Roller or inline skating style

Sidesurf is the term given to roller skaters or inline skaters who skate by placing their heels facing each other but separated by roughly shoulder width. In the sidesurf position, a straight line can be drawn through both heels and toes with the toes pointing away from each other. The motion is similar to being on a snow board however the toes are both turned outwards. Another term used for sidesurfing is "crabbing," as this is similar to the perpendicular style in which a crab moves.

Sidesurfing may be done while skating down hills, just like snowboarding, finding natural side hits because gravity naturally accelerates the skater. However, sidesurfers can learn to propel themselves forwards by rotating their hips from side to side while pushing their skates perpendicular to their direction of motion.

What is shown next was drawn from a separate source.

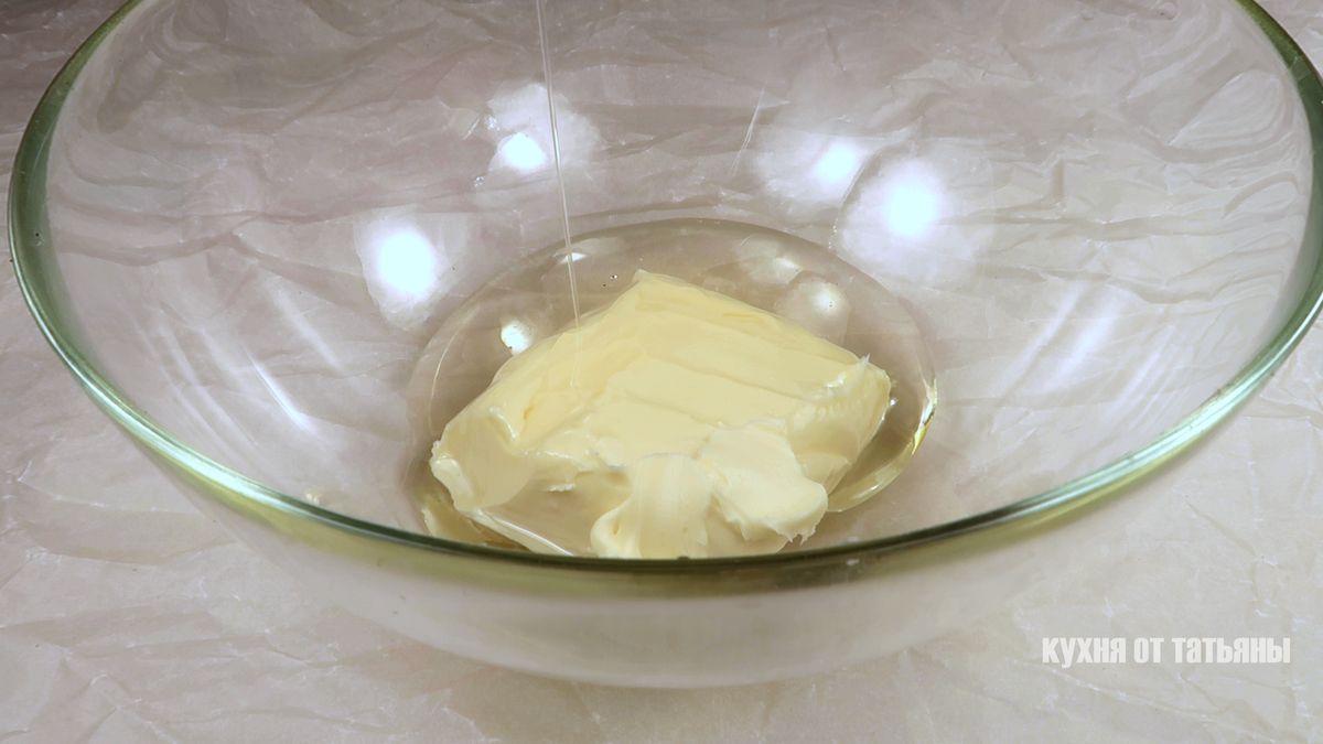Для начала очередь за основными ингредиентами. В глубокой тарелке соедините сливочное масло, которое должно быть комнатной температуры, с растительным маслом без запаха. Добавьте щепотку соли и сахар. Эту смесь удобно перемешать при помощи лопатки или венчика, но не взбивать, а просто объединить все компоненты.

It is also used in a variety of other roller skating sports, ranging from roller derby to vertical (aggressive and park) skating. Initially, sidesurfing is quite hard and a lot of practice is required, starting with groin stretches.

A more advanced version of the sidesurf is called the Sidesurf Royale also known as the Heel-heel side Surf. This is a modification of the sidesurf move where the blader sidesurfs with his or her toes off the ground.

There are claims that sidesurf stance was used for slalom cone skating in the early 70's, and that Kenny Means was the first to popularize the style of skating.